Company executives could face up to seven years in prison if they mismanage employee pension schemes.
Work and Pensions Secretary Amber Rudd has proposed a new criminal offence for “wilfully or recklessly” mismanaging funds.
Plans outlined last year for a maximum sentence of two years in prison were toughened up after public consultation.
Writing in the Sunday Telegraph, Ms Rudd said the law will target “the reckless few playing fast and loose”.
“If you run your company pension into the ground, saddling it with massive, unsustainable debts, we’re coming for you,” she said.
She said current rules mean that “acts of astonishing arrogance” by a few company directors are punished with fines “that barely dent bosses’ bank balances”.

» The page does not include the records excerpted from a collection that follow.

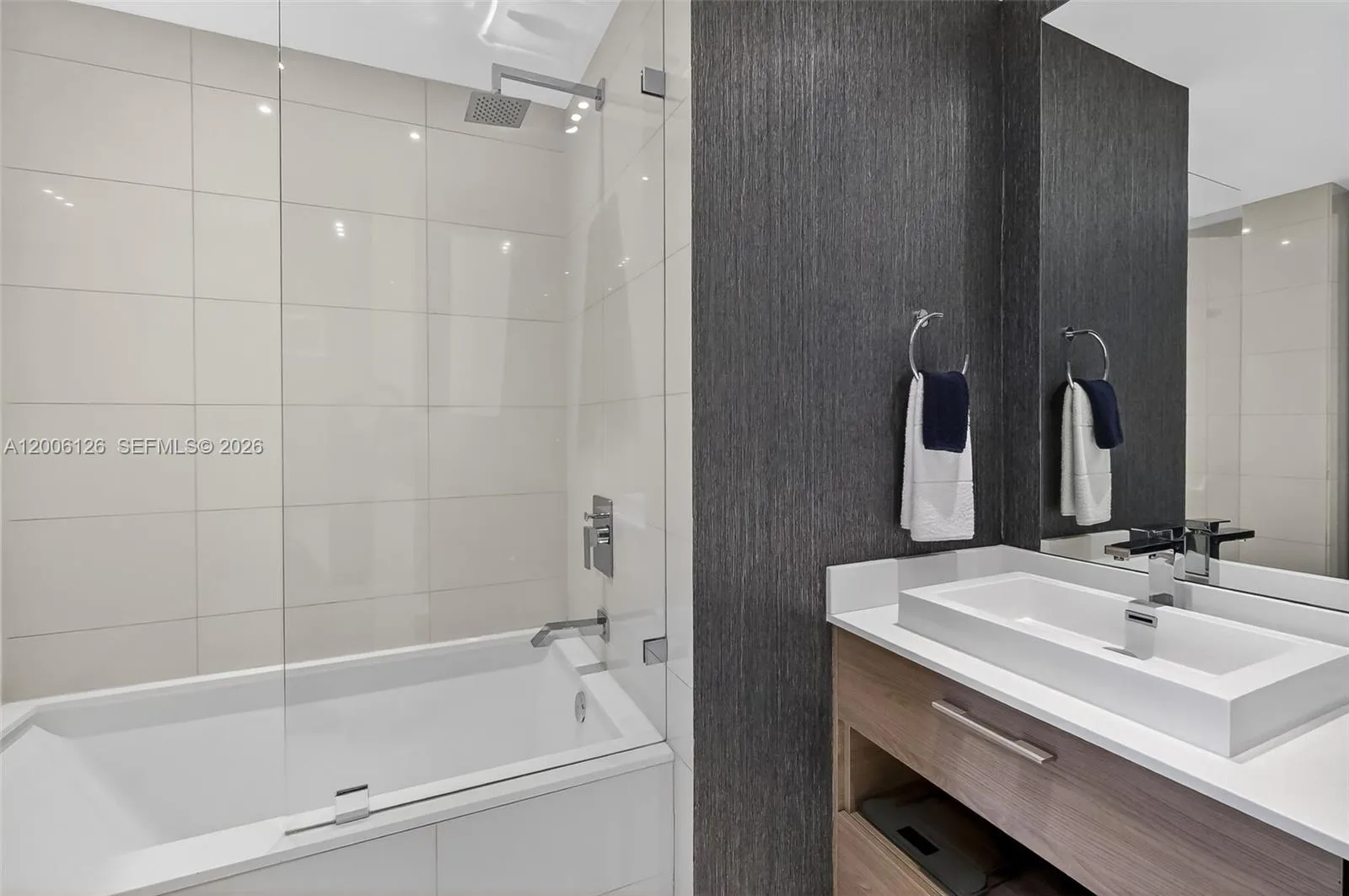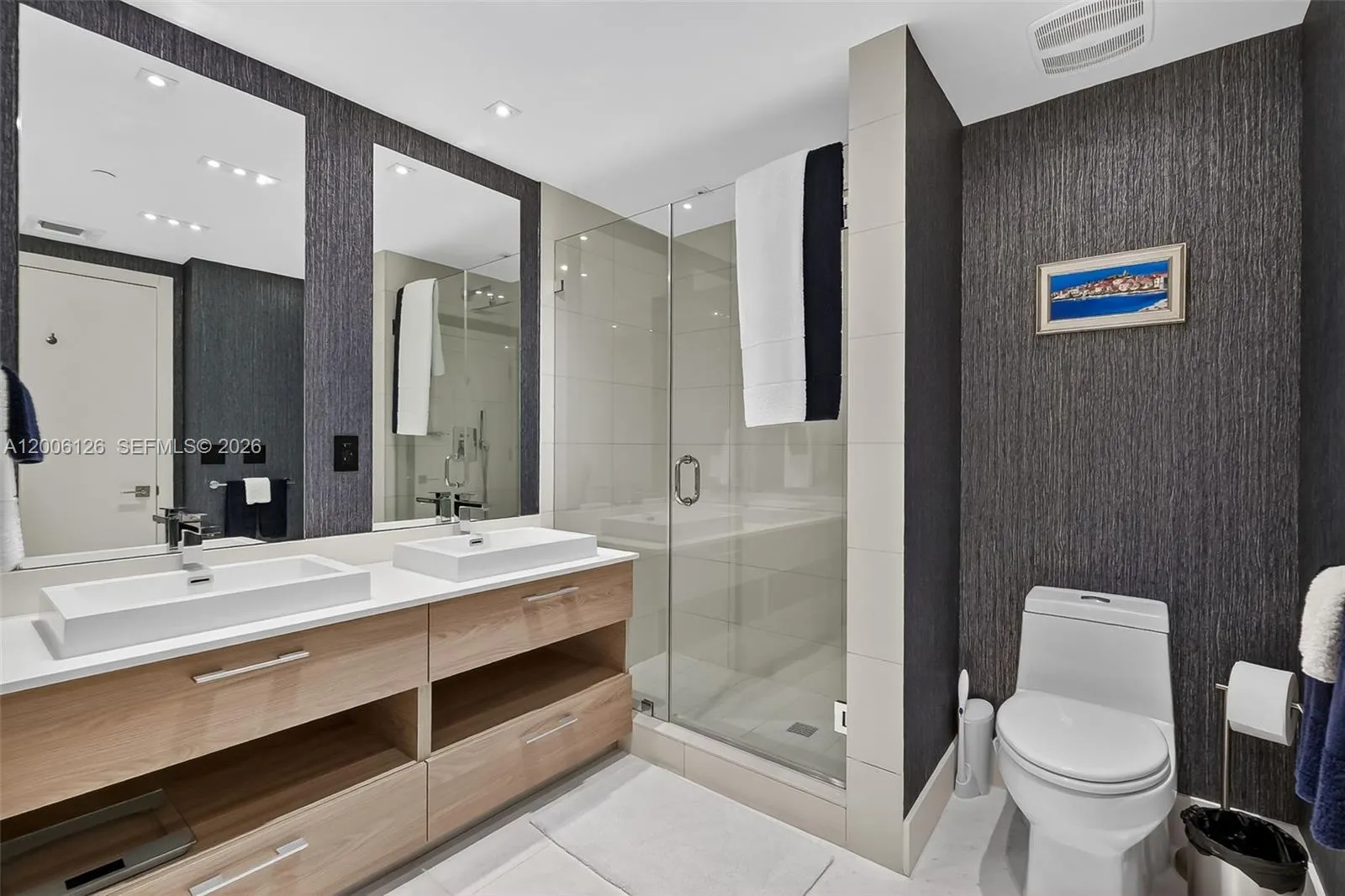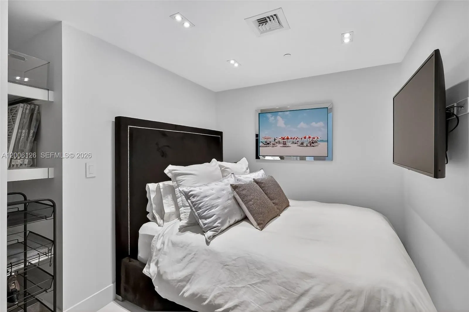 Live at the extraordinary SLS Brickell! This gorgeous 1-bed, 2-bath + den is one of the largest 1-bed floor plans in the building. Facing east, this residence offers stunning panoramic bay & city views. The spacious balcony is perfect for relaxing or entertaining. Features include designer finishes, custom lighting washer/dryer, and shelving while the open kitchen has stainless steel appliances, plenty of cabinets, and quartz countertops. The den is great for flexible use and is already set up with a queen bed, TV and shelving. Great closets, window shades + blackouts in bedroom and the large porcelain tile floors complete the space. Enjoy 5-star amenities: a rooftop pool, full-service spa, state-of-the-art fitness center, clubroom, ballroom, kid’s room, two pools, 24-hour concierge and security & top restaurants right downstairs. The perfect Brickell location close access to highway without all the center Brickell traffic, stroll to tons of cafes, dining, shopping, Brickell City Center & nightlife. The perfect blend of luxury and comfort. Easy to show. Schedule your showing today! ?Available May 1, 2026.
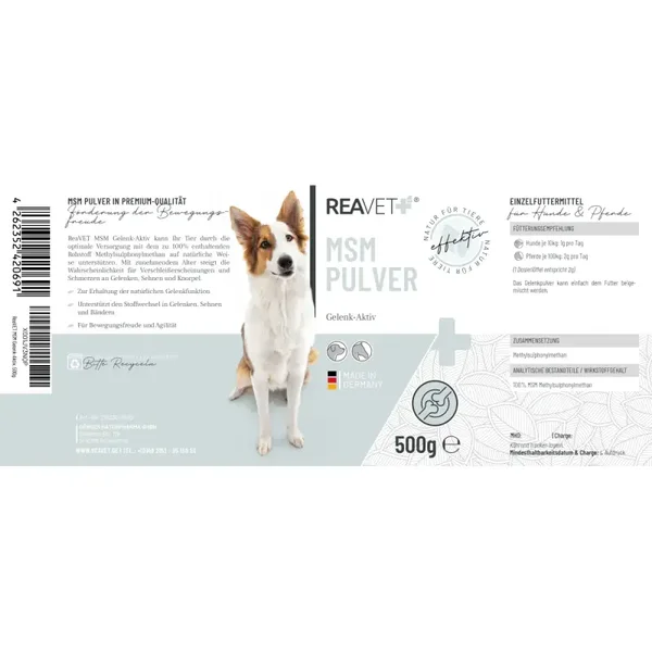 Mit unserem REAVET MSM Gelenk-Aktiv Pulver erhältst du ein hochwertiges Einzelfuttermittel, das gezielt die normale Gelenkfunktion Deines Hundes oder Pferdes unterstützt. Es enthält 100 % reines Methylsulphonylmethan (MSM) in geprüfter Premiumqualität – eine natürliche Schwefelverbindung, die sich besonders durch ihre Reinheit und Bioverfügbarkeit auszeichnet.
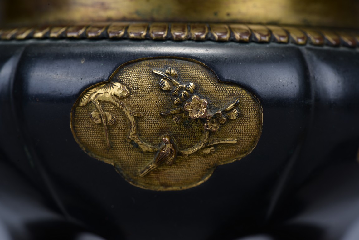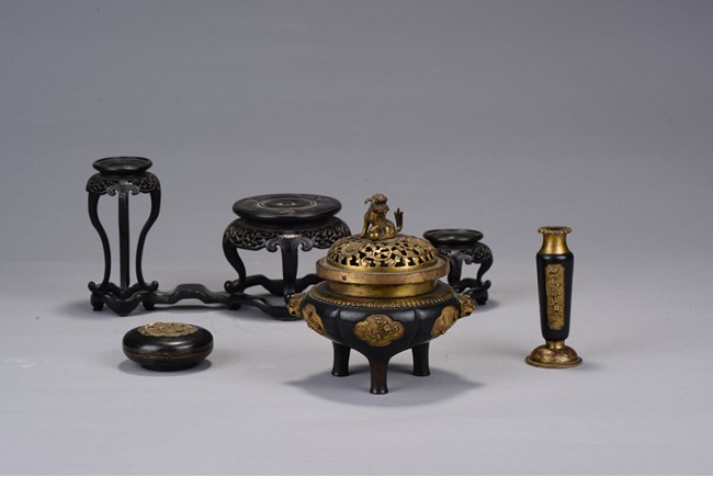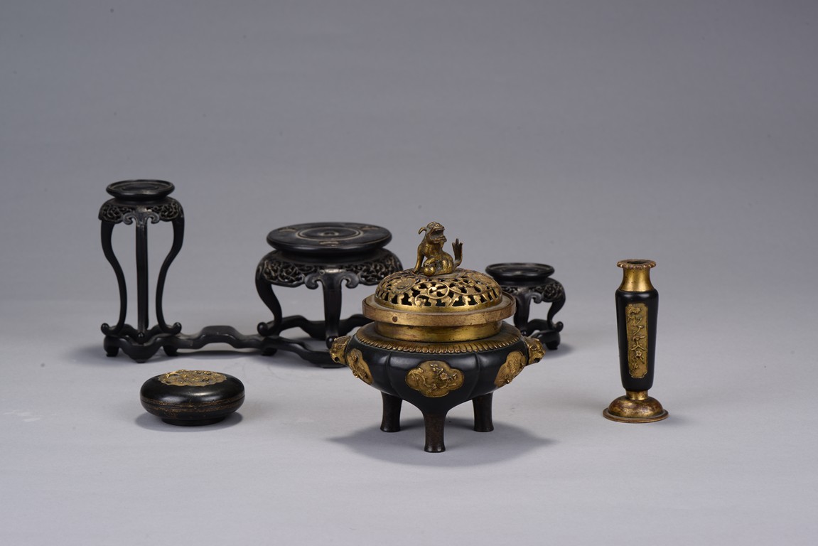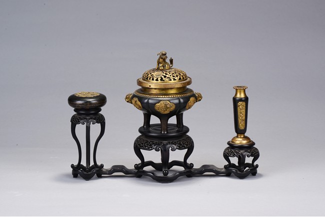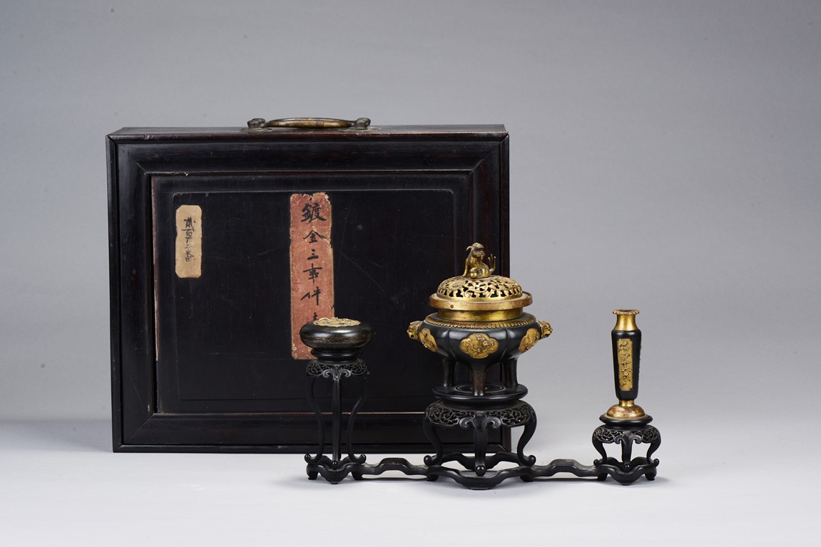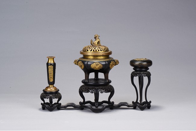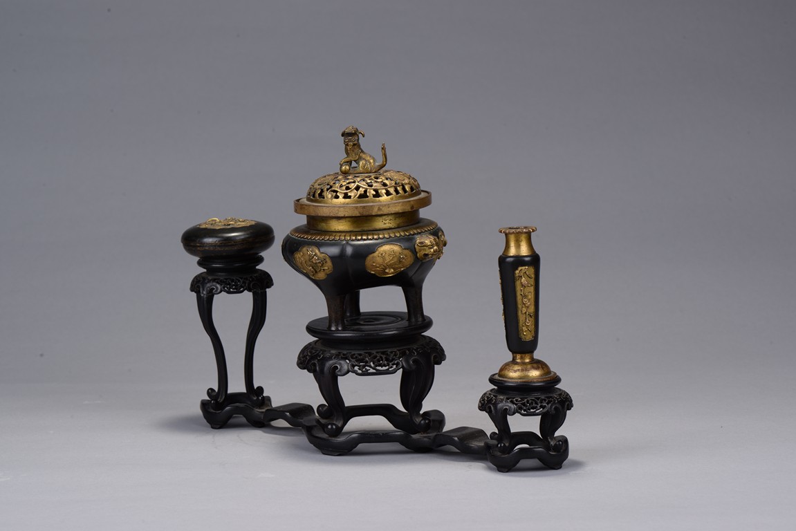 This set comprises of a tripod censer, a circular box and cover, and a cylindrical vase, each mounted with shaped gilt-bronze plaques of elaborate floral decorations in relief. The censer is mounted with a pair of Buddhist lions as handles, and topped with a pierced cover with Buddhist lion finial, all supported on hardwood stand. Mid-Qing Dynasty period.

Under the new law, courts would also be given the power to levy unlimited fines for mismanagement of pensions.
The proposal follows calls for reform after one of the biggest pension scandals of the past decade, involving the retailer BHS.
Just one year after tycoon Sir Philip Green sold the retail chain for £1 in 2015, it collapsed along with its two pension schemes,
That meant the loss of 11,000 jobs and put the pensions of 19,000 current and past employees under threat.
The Pensions Regulator concluded that Sir Philip Green sold the business to dodge responsibility for the company’s pension scheme.
MPs called for Sir Philip to be stripped of his knighthood and a Parliamentary report called him the unacceptable face of British capitalism.
Sir Philip later agreed to pay £363m into the pension schemes.